More progress last night. And finally, a full-stack money shot!

After the top centering ring cured overnight, I added a filet of Rocketpoxy on top. This would also serve to bind the couplet to the ring. Before inserting the coupler for permanent placement, the bottom tube had 30 g of Rocketpoxy randomly smeared around the walls. Following that up, a generous coating of phenolic wood glue was used to coat the tube and provide a solid bond with the coupler.

Here you can see the filet at the bottom where the couple contacts the top centering ring. This creates a double-wall on top of the fin can. It's veyr sturdy.

20170413_220122.jpg

The whole assembly is left upright to cure straight and true.

20170413_220238.jpg

While this cures, I was able to epoxy on the switch band to the payload bay. The way the airframe is set up, the bottom coupler runs from the top of the centering ring, up through the middle airframe (which gives room for the drogue and shock cord), and butts up against the bottom bulkhead of the payload bay. To get an exact fit for the switch band contacting the middle airframe, I assembled the rocket partially to check the fit.

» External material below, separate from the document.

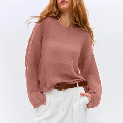 Spring Hollow Round Neck Thin Sweater Knitted Top For Women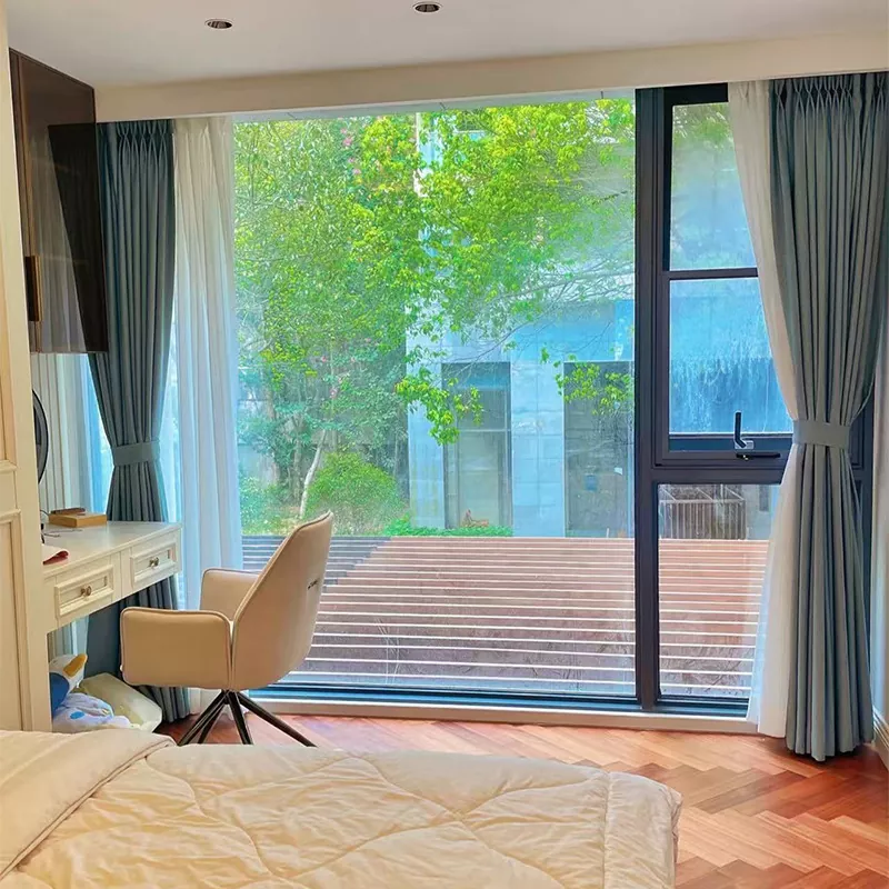 The design features an "anodized aluminum alloy frame + tempered glass" structure, with integrated corner assembly to distribute stress evenly, ensuring stability while maintaining a lightweight frame. Casement windows are equipped with external or concealed aluminum alloy hinges, opening to a 90° angle, and sealing tightly when closed. The sliding windows feature a silent track system that glides smoothly, reducing noise and saving space—ideal for small apartments.

First up, slide on the middle airframe on top of the coupler. Not much to see here.

20170413_220655.jpg

Here, you can see the payload bay in place as it sits in the middle frame and rests with the bulkhead on the top centering ring. The switch band is slid up to the top and out of the way. Epoxy was applied to the wall of the payload bay, and the switch band was slid down until it contacted the airframe. After the switch band was slid down on the epoxy, I taped the band to the payload bay to prevent sliding. The whole thing was pulled out, and excess epoxy was wiped clean from the payload bay and middle coupler. I work sloppy. :p:

20170413_220804.jpg

In the post-cure fit (not shown). The switch band sits tightly against the airframe. When I knock on the top bulkhead, there is no echo beneath. The bottom bulkhead sits flush against the top of the coupler. As an additional test for a flush fit, I took a black crayon and colored the top of the coupler. After sliding in the payload bay and tapping (not twisting since this can just show marks if there is one high spot!), the bulkhead showed signs of crayon transfer all around.

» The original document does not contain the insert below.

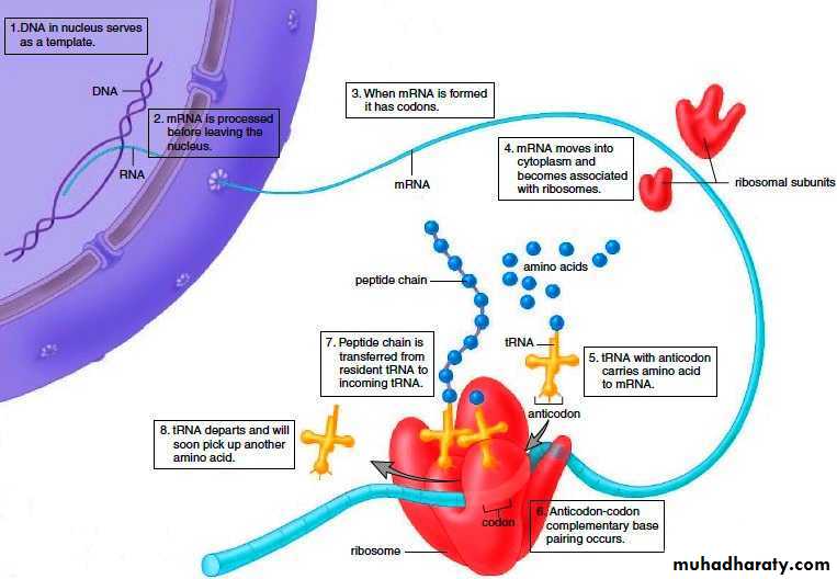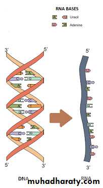 2- During transcription one strand of DNA serves as a template for formation of mRNA. The bases in mRNA are complementary to those in DNA, every three bases is a codon that codes for amino acid.

Here's a full stack test fit. All the tubes are flush with no gaps, and straight. Money shot! You can see bondo spots on the top tube where I'm starting to sand things smooth.

20170413_221737.jpg

As a test for tightness of the fit and straightness, not shown here, but I can hold the booster tube horizontal. The whole airframe does not bend at any joint by more than enough top open up a gap greater than 1-2 mm. The couplers and payload bay are straight and tight. I'm being extra cautious since I'm concerned about bending moments on such a large rocket.

Charge testing will make sure it's not all too tight, but I am able to pick up the sections and shake lightly to get them to separate, so I'm not worried.

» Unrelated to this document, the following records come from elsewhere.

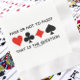 If you've ever played the game of bridge and have pondered whether to pass, you'll enjoy this bridge humor paper napkin featuring the four card suits along with the saying "Pass Or Not To Pass That Is The Question". Do a double-take on what you are pondering about with this common bridge humor saying paper napkin at your next bridge-themed event!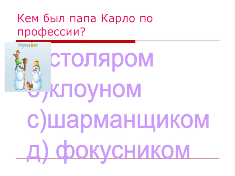 Кем был папа Карло по профессии?а)столяром  б)клоуном  с)шарманщиком  д) фокусником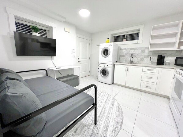 1 Bedroom with WIFI, Laundry, Queen Bed, Sofa Bed. Close to Transit and Grocery

It's hard to get the scale of the bottom fins, but I have 4 with a 7" span. Stability with the motor in is currently estimated to be 1.2. I need to buy the chutes and deployment bag to get a better estimate. That cuts it a bit close for me, so I'll likely put 1-2 pounds of mass in the nose cone to put me closer to 1.5 (where I'm most comfortable).

Not shown are the stubby middle stabilizer fins. They don't do much beyond being true to the look of the MEADS PAC-3 Patriot.